* DATA SECTION:
/---

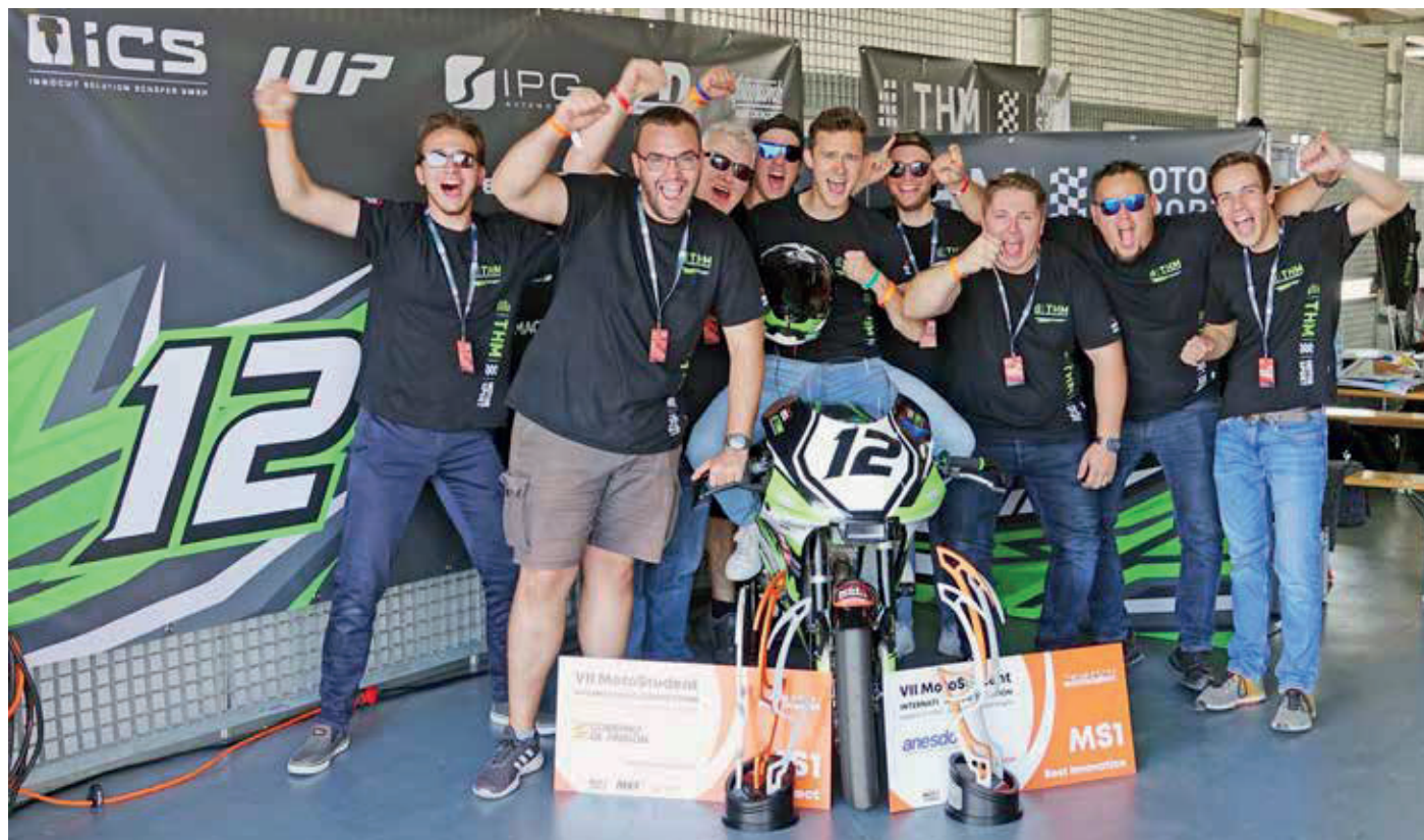
Der Rennstall THM Motorsport Friedberg hatte beim "MotoStudent 2023" in Spanien mehrfach Grund zu jubeln.

Mit zwei Siegerpokalen und weiteren hervorragenden Platzierungen ist das Team von THM Motorsport Friedberg vom „MotoStudent 2023“-Wettbewerb in Spanien zurückgekehrt. Die Studierenden aus drei Fachbereichen holten bei der internationalen studentischen Konkurrenz mit ihrer Rennmaschine zwei Spitzenplätze im Wertungsteil „MotoStudent 1“ (MS1).
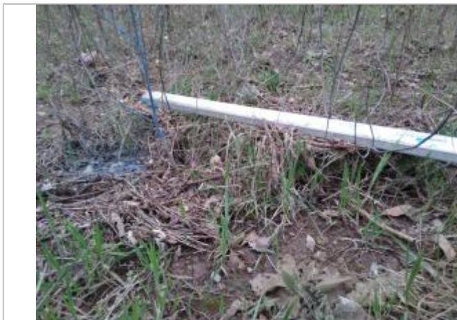
Dépôt dans l'herbe

\---

* DESCRIPTION OF THE TASK: The data above must be copied exactly. Leave out the pictures.

* TASK RESULT:
Der Rennstall THM Motorsport Friedberg hatte beim "MotoStudent 2023" in Spanien mehrfach Grund zu jubeln.

Mit zwei Siegerpokalen und weiteren hervorragenden Platzierungen ist das Team von THM Motorsport Friedberg vom „MotoStudent 2023“-Wettbewerb in Spanien zurückgekehrt. Die Studierenden aus drei Fachbereichen holten bei der internationalen studentischen Konkurrenz mit ihrer Rennmaschine zwei Spitzenplätze im Wertungsteil „MotoStudent 1“ (MS1).
Dépôt dans l'herbe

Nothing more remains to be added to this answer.